The "Not So Simple" Rules of Trading
GO WHERE THE STRENGTH IS
R U L E 5
The objective of what we are after is not to buy low and to sell high, but to buy high and to sell higher, or to sell short low and to buy lower.
We can never know what price is really "low," nor what price is really "high." We can, however, have a modest chance at knowing what the trend is and acting on that trend. We can buy higher and we can sell higher still if the trend is up. Conversely, we can sell short at low prices and we can cover at lower prices if the trend is still down. However, we've no idea how high high is, nor how low low is.
Nortel went from approximately the split-adjusted price of $1 share back in the early 1980s, to just under $90/share in early 2000 and back to near $1 share by 2002 (where it has hovered ever since). On the way up, it looked expensive at $20, at $30, at $70, and at $85, and on the way down it may have looked inexpensive at $70, and $30, and $20--and even at $10 and $5. The lesson here is that we really cannot tell what is high and/or what is low, but when the trend becomes established, it can run far farther than the most optimistic or most pessimistic among us can foresee.
R U L E 6
Sell markets that show the greatest weakness; buy markets that show the greatest strength.
Metaphorically, when bearish we need to throw our rocks into the wettest paper sack for it will break the most readily, while in bull markets we need to ride the strongest wind for it shall carry us farther than others.

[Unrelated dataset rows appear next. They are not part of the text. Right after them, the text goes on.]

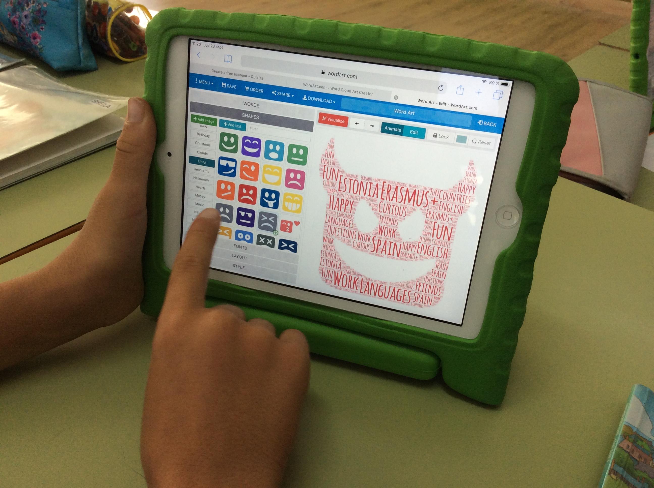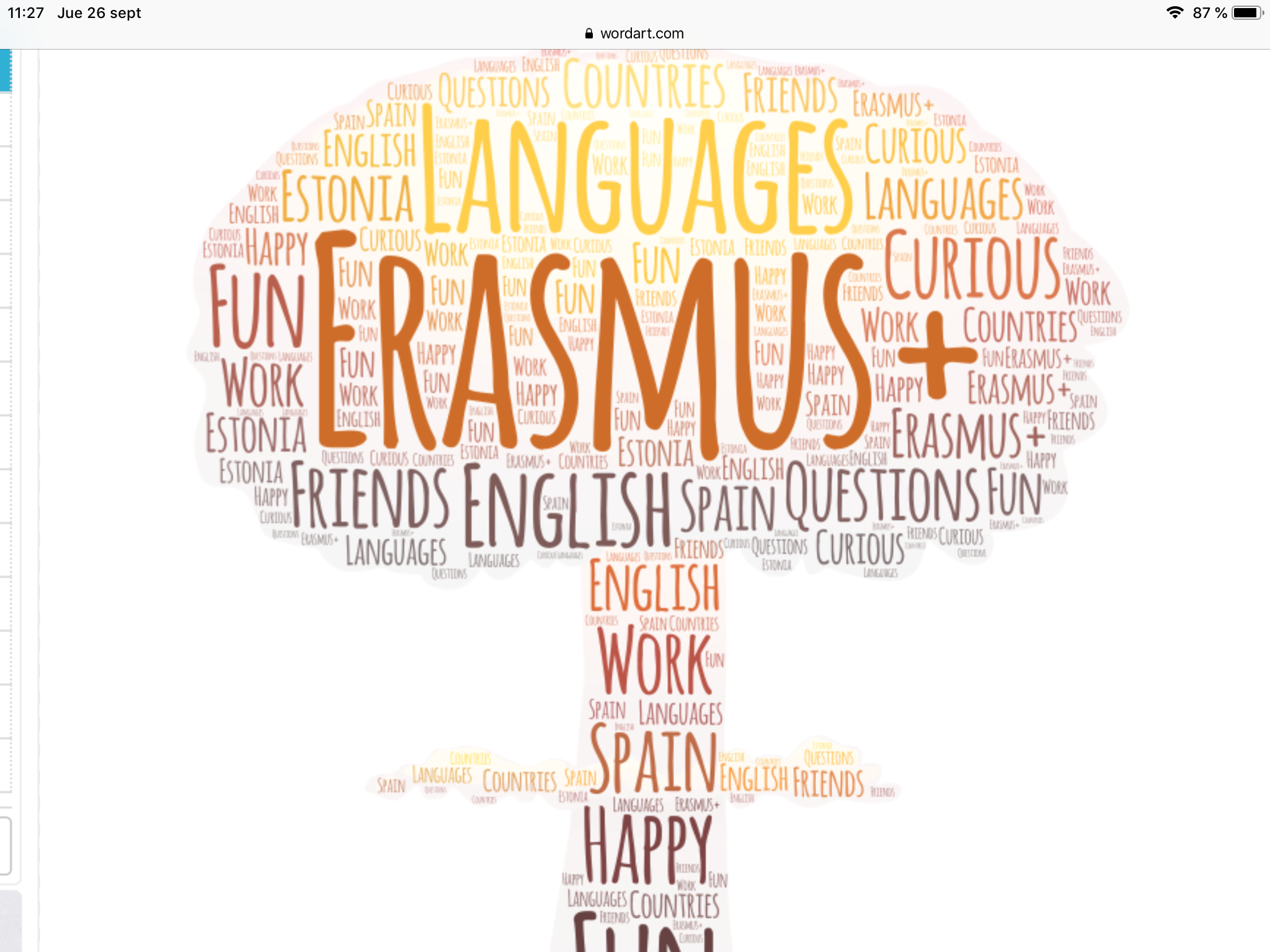 Para celebrar el Día Europeo de la Lenguas hablamos con nuestros compañeros de Estonia a través de una videollamada e hicimos estos carteles usando la app Word Art Cloud Creator.
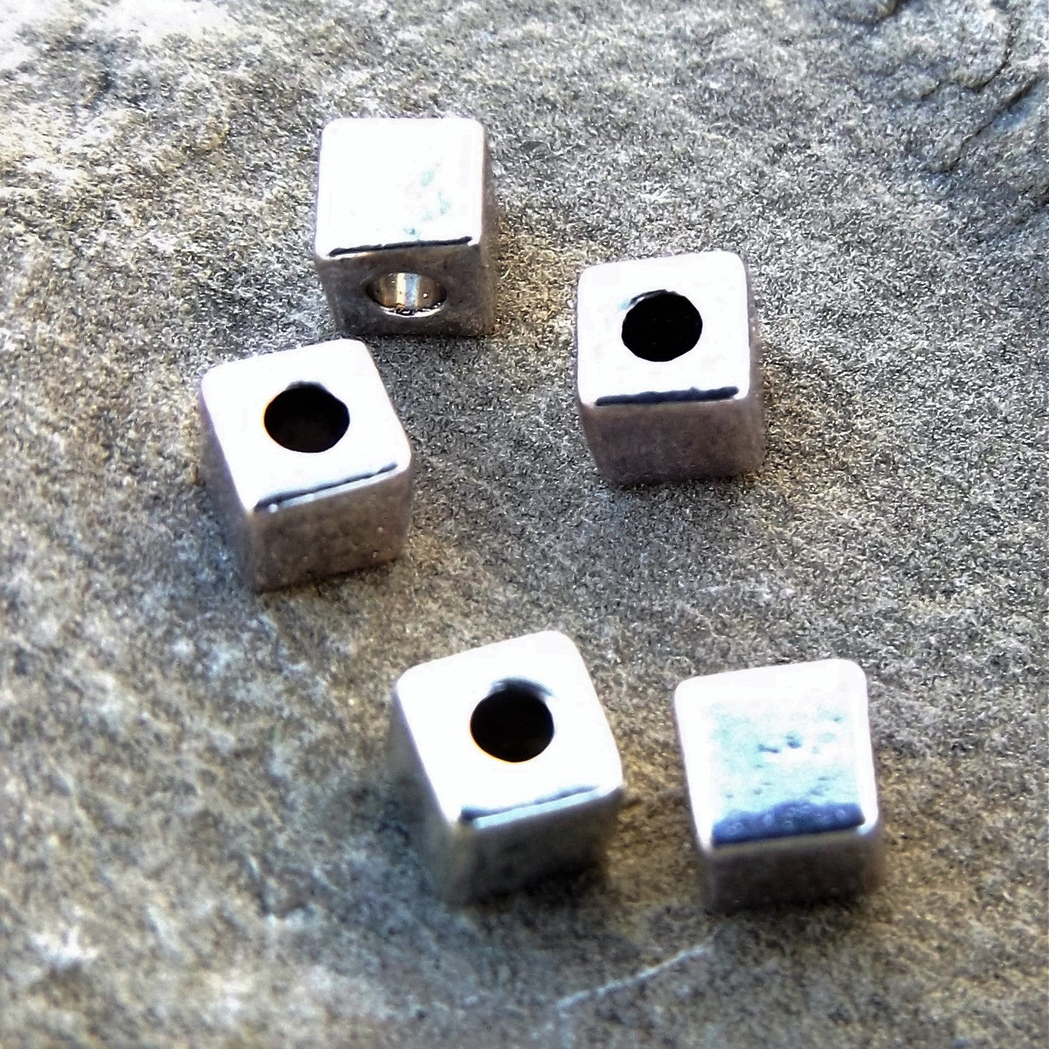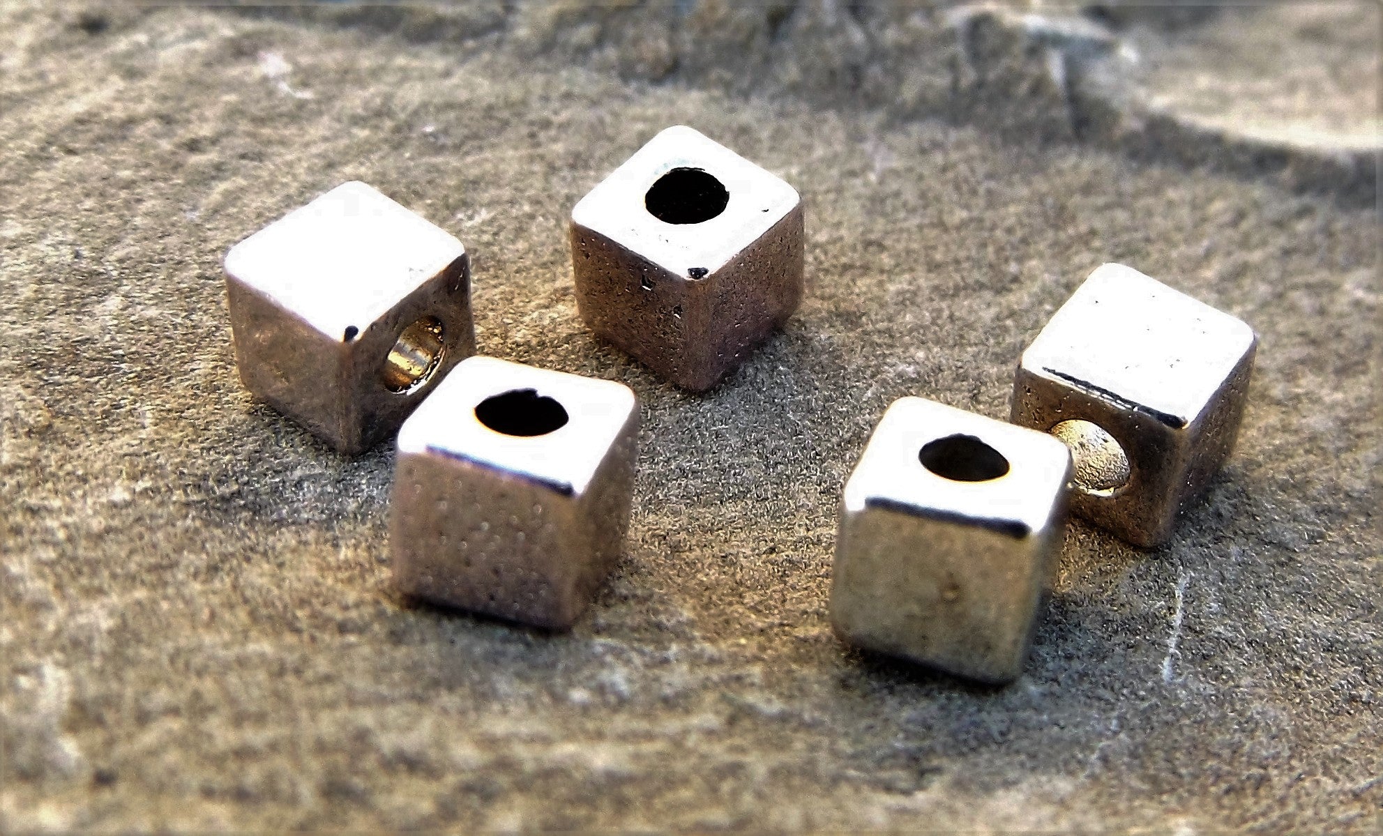 Metal Beads (Cube) Silvertone 4 x 4 mm (packed 15)
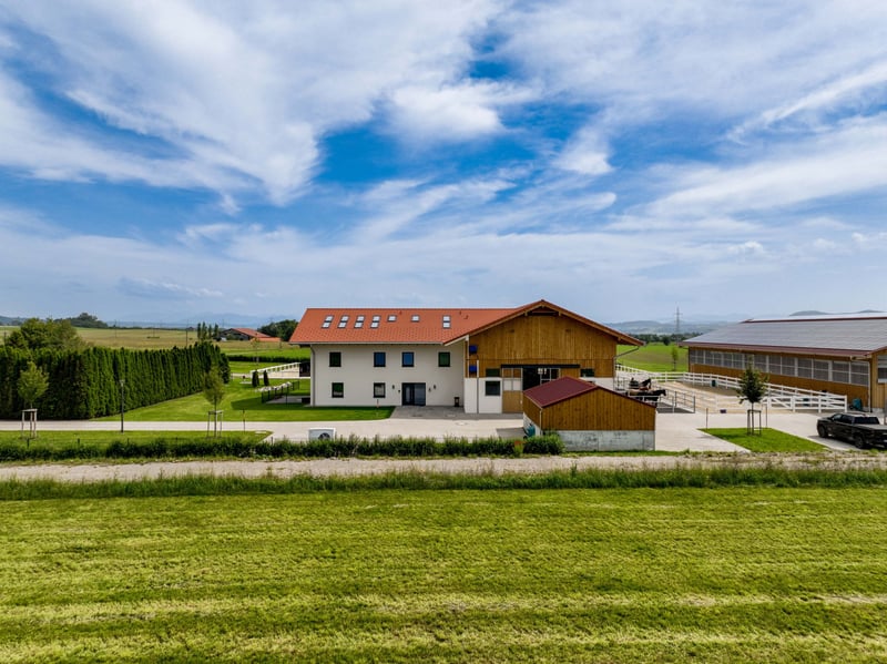 Exclusive Equestrian Facility with Multi-Family House in the Allgäu The property is located in the Oberallgäu district with a sensational view of the Allgäu Alps. The exclusive and high-quality equipped equestrian facility offers a unique combination of a modern equestrian property with optimal living options on site. The facility consists of a stable complex with a total of six paddock boxes, an indoor riding arena of approximately 800 m², a spacious outdoor riding arena, and a winter sand arena. The horses have ample turnout on the approximately three-hectare pasture area. The stables include a wash box, a hay storage area, and tack rooms. The offer is completed by the adjacent residential building, which is directly accessible from the stables. Three apartments and one studio impress with modern amenities, underfloor heating, luxurious bathrooms, and exclusive custom kitchens. The outdoor area features sufficient parking spaces for vehicles, a manure pit with a paved access road, as well as an idyllic, spacious garden area with a garden house. The equestrian facility is available for occupancy by arrangement. A viewing can be scheduled at any time. Further information available upon request. +49 1717408444 ---------- Equestrian Facility Features: • 6 paddock boxes • Outdoor riding arena • Winter sand arena • 40-meter indoor riding arena • Wash box • Hay storage with crane system • Tack rooms • Pasture areas
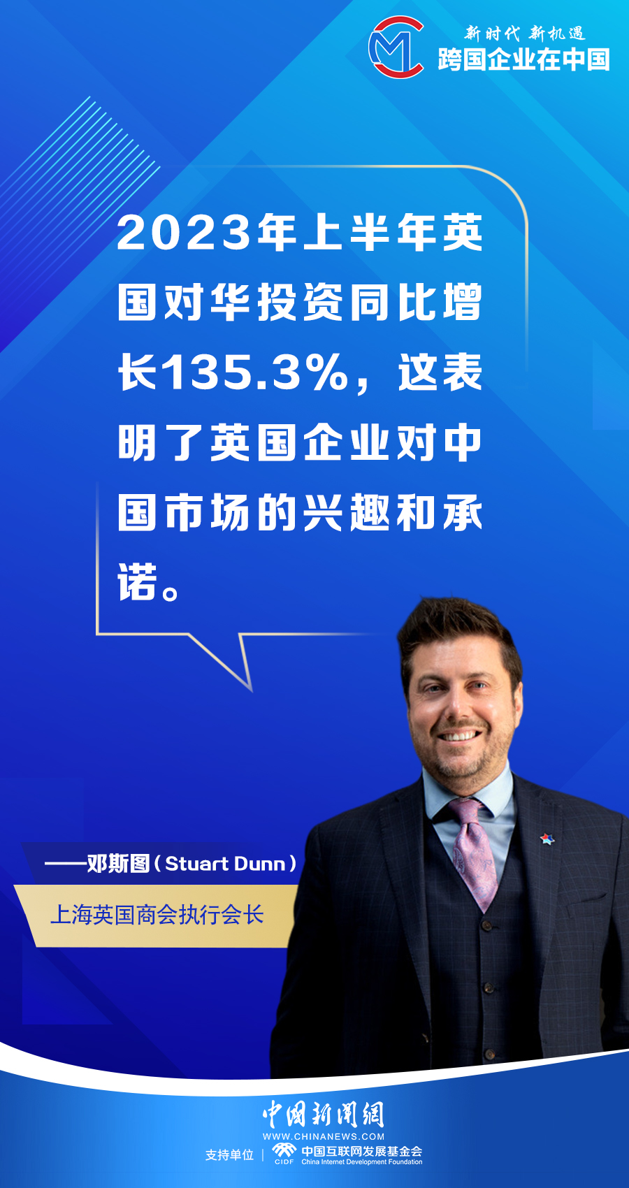 鄧斯圖表示,2023年上半年英國(guó)對(duì)華投資同比增長(zhǎng)135.3%,這表明了英國(guó)企業(yè)對(duì)中國(guó)市場(chǎng)的興趣和承諾。

Those in the women's apparel business understand this rule better than others, for when they carry an inventory of various dresses and designers they watch which designer's work moves off the shelf most readily and which do not. They instinctively mark down the work of those designers who sell poorly, recovering what capital then can as swiftly as they can, and use that capital to buy more works by the successful designer. To do otherwise is counterintuitive. They instinctively buy the "strongest" designers and sell the "weakest." Investors in stocks all too often and by contrast, watch their portfolio shift over time and sell out the best stocks, often deploying this capital into the shares that have lagged. They are, in essence, selling the best designers while buying more of the worst. A clothing shop owner would never do this; stock investors do it all the time and think they are wise for doing so!
MAKING "LOGICAL" PLAYS IS COSTLY
R U L E 7
Rule 6 addresses what might seem like a logical play: selling out of a long position after a sharp rush higher or covering a short position after a sharp break lower--and then trying to play the market from the other direction, hoping to profit from the supposedly inevitable correction, only to see the market continue on in the original direction that we had gotten ourselves exposed to. At this point, we are not only losing real capital, we are losing mental capital at an explosive rate, and we are bound to make more and more errors of judgment along the way.
Actually, in a bull market we can be neutral, modestly long, or aggressively long--getting into the last position after a protracted bull run into which we've added to our winning position all along the way. Conversely, in a bear market we can be neutral, modestly short, or aggressively short, but never, ever can we--or should we--be the opposite way even so slightly.
Many years ago I was standing on the top step of the CBOT bond-trading pit with an old friend Bradley Rotter, looking down into the tumult below in awe. When asked what he thought, Brad replied, "I'm flat ... and I'm nervous." That, we think, says it all...that the markets are often so terrifying that no position is a position of consequence.
R U L E 8
"Markets can remain illogical far longer than you or I can remain solvent."
I understand that it was Lord Keynes who said this first, but the first time I heard it was one morning many years ago when talking with a very good friend, and mentor, Dr. A. Gary Shilling, as he worried over a position in U.S. debt that was going against him and seemed to go against the most obvious economic fundamentals at the time. Worried about his losing position and obviously dismayed by it, Gary said over the phone, "Dennis, the markets are illogical at times, and they can remain illogical far longer than you or I can remain solvent." The University of Chicago "boys" have argued for decades that the markets are rational, but we in the markets every day know otherwise. We must learn to accept that irrationality, deal with it, and move on. There is not much else one can say. (Dr. Shilling's position shortly thereafter proved to have been wise and profitable, but not before further "mental" capital was expended.)
R U L E 9
Trading runs in cycles; some are good, some are bad, and there is nothing we can do about that other than accept it and act accordingly.
The academics will never understand this, but those of us who trade for a living know that there are times when every trade we make (even the errors) is profitable and there is nothing we can do to change that. Conversely, there are times that no matter what we do--no matter how wise and considered are our insights; no matter how sophisticated our analysis--our trades will surrender nothing other than losses. Thus, when things are going well, trade often, trade large, and try to maximize the good fortune that is being bestowed upon you. However, when trading poorly, trade infrequently, trade very small, and continue to get steadily smaller until the winds have changed and the trading "gods" have chosen to smile upon you once again. The latter usually happens when we begin following the rules of trading again. Funny how that happens!